ACTIVITY.
Set down every record below exactly as written, but leave out the pictures.

THE DATA.
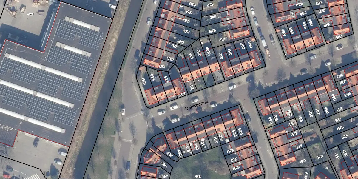 Dahliastraat 23 is gelegen op kadastraal perceel HLM01I5141. Deze kadastrale aanduiding is uniek en wordt gebruikt door het Kadaster om eigendomsrechten en andere zakelijke rechten vast te leggen. Het perceel maakt onderdeel uit van de kadastrale gemeente Haarlem.
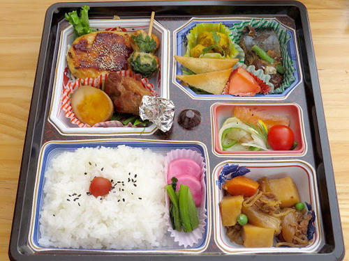 揚げ物を極力減らした和風のあっさりしたお弁当です。一例はお豆腐の小判焼き、鶏の香酢煮、煮魚、サーモンのマリネ、肉じゃが、香の物など。
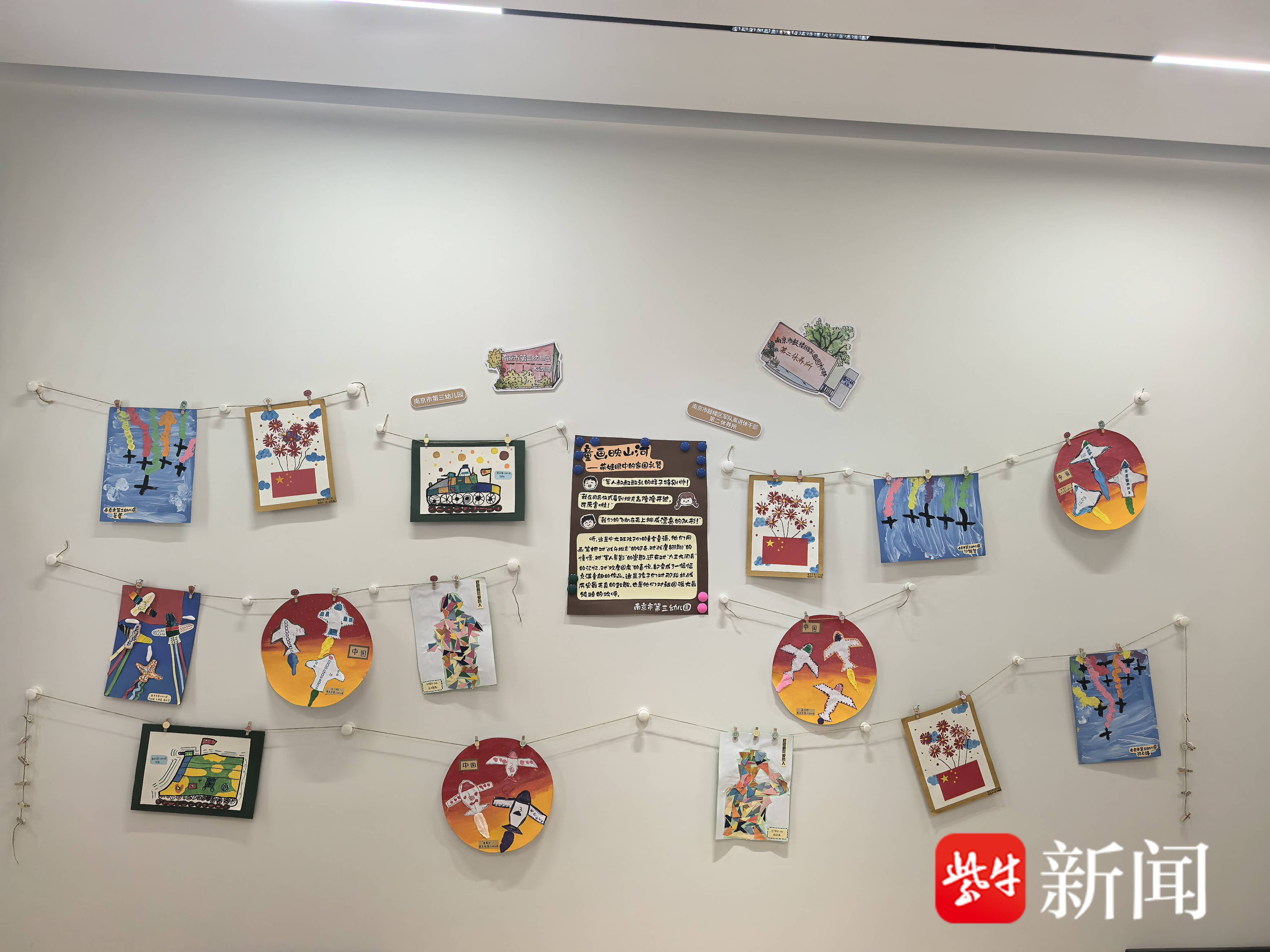 展厅内,三十余幅来自南京市第三幼儿园小朋友的书画作品错落陈列,稚嫩的笔触下既有 “抗战英雄打敌人” 的生动场景,也有 “五星红旗映山河” 的美好图景,还有 “我爱祖国大好河山” 的直白告白。红色、黄色为主的画面色彩明快,虽笔触稚嫩却饱含真挚情感。今年89岁的军休干部李保美看着一幅《英雄守山河》的画作,不禁回忆起自己的军旅岁月:“这画里的小战士眼神真坚定,就像当年我们的模样。看到孩子们用画笔铭记历史、热爱祖国,我心里特别欣慰。”
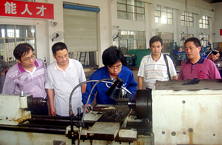 在我院机电系主任张海筹陪同下,李浩一行参观了学员学习场所、实训工厂、宿舍等地,了解了该校五名学员的食宿情况,“天气热,一定要注意降温防暑。”李浩对学员的饮食起居很是关心。
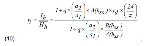 where hss is the solar light angle corresponding to the sunset, hereinafter expressed in radians. The method of calculating hss is described in [16].
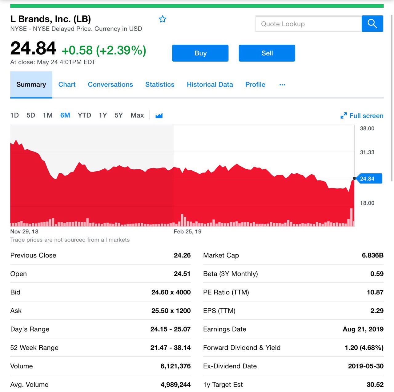 L Brands (LB), снизились на 2,9% за 2019 и более чем на 29% за прошлый год. Компания сообщила, что прибыль 1-ого кв. превысила ожидаемый уровень в 14 центов на акцию, что значительно выше прогноза. При этом продажи в магазинах Victoria's Secret упали на 5%, однако подскочили на 13% в Bath&Body Works.

REPLY TO THE EXERCISE.
 Dahliastraat 23 is gelegen op kadastraal perceel HLM01I5141. Deze kadastrale aanduiding is uniek en wordt gebruikt door het Kadaster om eigendomsrechten en andere zakelijke rechten vast te leggen. Het perceel maakt onderdeel uit van de kadastrale gemeente Haarlem.
 揚げ物を極力減らした和風のあっさりしたお弁当です。一例はお豆腐の小判焼き、鶏の香酢煮、煮魚、サーモンのマリネ、肉じゃが、香の物など。
 展厅内,三十余幅来自南京市第三幼儿园小朋友的书画作品错落陈列,稚嫩的笔触下既有 “抗战英雄打敌人” 的生动场景,也有 “五星红旗映山河” 的美好图景,还有 “我爱祖国大好河山” 的直白告白。红色、黄色为主的画面色彩明快,虽笔触稚嫩却饱含真挚情感。今年89岁的军休干部李保美看着一幅《英雄守山河》的画作,不禁回忆起自己的军旅岁月:“这画里的小战士眼神真坚定,就像当年我们的模样。看到孩子们用画笔铭记历史、热爱祖国,我心里特别欣慰。”
 在我院机电系主任张海筹陪同下,李浩一行参观了学员学习场所、实训工厂、宿舍等地,了解了该校五名学员的食宿情况,“天气热,一定要注意降温防暑。”李浩对学员的饮食起居很是关心。
 where hss is the solar light angle corresponding to the sunset, hereinafter expressed in radians. The method of calculating hss is described in [16].
 L Brands (LB), снизились на 2,9% за 2019 и более чем на 29% за прошлый год. Компания сообщила, что прибыль 1-ого кв. превысила ожидаемый уровень в 14 центов на акцию, что значительно выше прогноза. При этом продажи в магазинах Victoria's Secret упали на 5%, однако подскочили на 13% в Bath&Body Works.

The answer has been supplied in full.